The Hebrew word yom (translated "day") is used in multiple ways throughout the Old Testament - sometimes meaning a 24-hour period, sometimes meaning an indefinite stretch of time (as in "the day of the Lord"). The Day-Age view suggests that each "day" of creation represents a long epoch. Notably, the sequence of creation in Genesis 1 - light, atmosphere, land and vegetation, sun and stars becoming visible, sea creatures, land animals, humans - broadly mirrors the sequence that modern science describes.
God is eternal. He existed before time itself began - outside of it, beyond it, not bound by it. If God has existed forever, then whatever "before creation" means from His perspective, He was there. Whether the universe is 6,000 years old or 13.8 billion years old, it is a single moment compared to eternity. The age question, as important as it feels, is a small chapter in an infinite story. What matters most is not when God created - but that He created, and why.
This is where the conversation gets most heated - so let's be precise about what science has and hasn't shown.

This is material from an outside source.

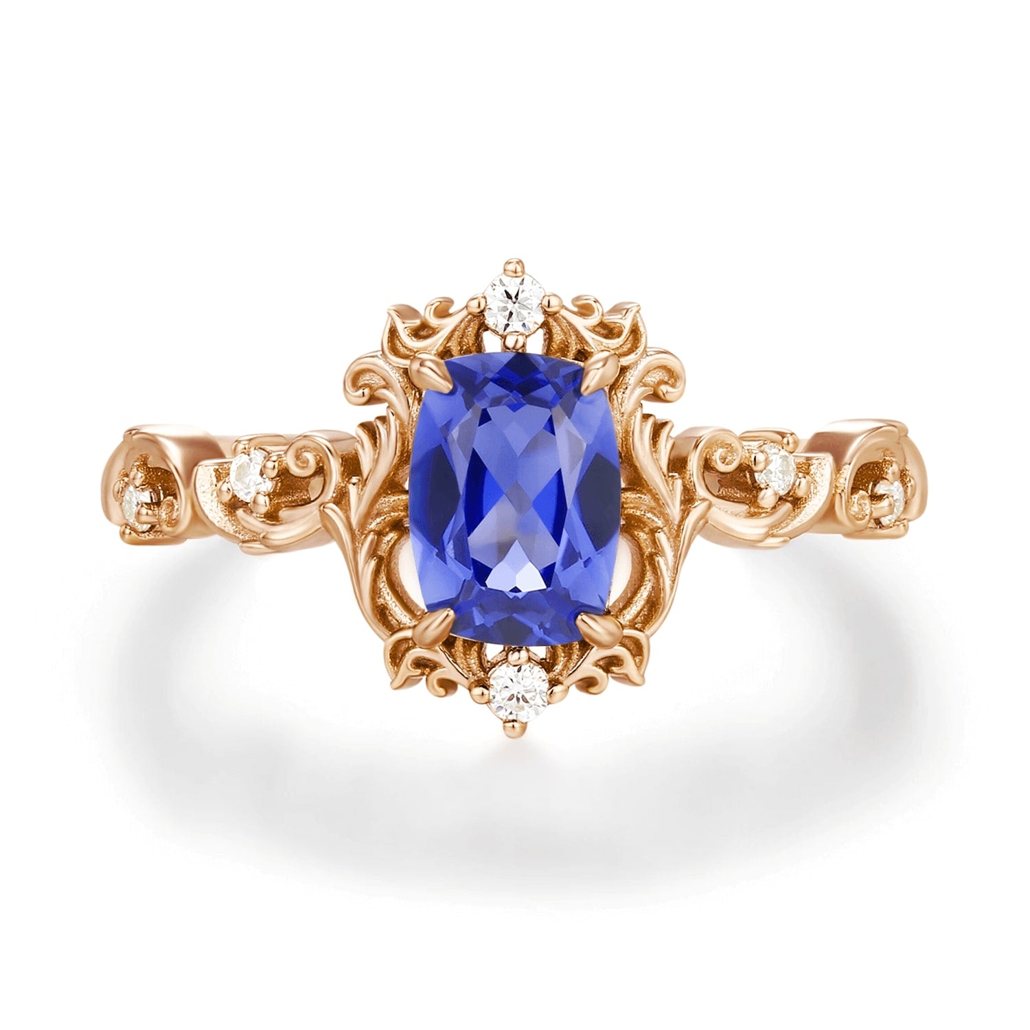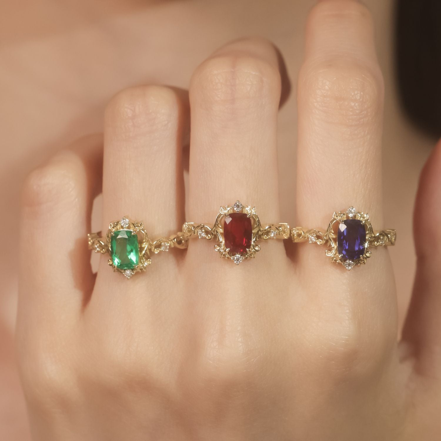 ✦ Customizable 5x7mm cushion-cut center stone (lab-grown royal blue sapphire, lab-grown emerald, or lab-grown ruby)

There are really three different questions that people lump together under the word "evolution," and separating them makes everything clearer:
The fruit fly problem. Scientists have bred fruit flies in laboratories for over a hundred years - thousands upon thousands of generations - deliberately inducing mutations to accelerate change. The result? They always remain fruit flies. They may get different wing shapes or eye colors, but they never become anything other than a fruit fly. If macroevolution works the way the theory claims, shouldn't we see at least the beginning of a transition after that many generations?
The fossil record problem. Darwin himself acknowledged that the fossil record was his theory's greatest weakness. He predicted that we would eventually find countless gradual transitional forms - step-by-step sequences showing one kind of animal slowly becoming another. Over 160 years of fossil hunting later, those smooth transitions are still largely missing. We find fully-formed species appearing suddenly, not gradually morphing from one type into another. The claim that land animals evolved into whales, for example, relies on a handful of fossils with large gaps between them - not the smooth chain of gradual transitions Darwin's theory requires.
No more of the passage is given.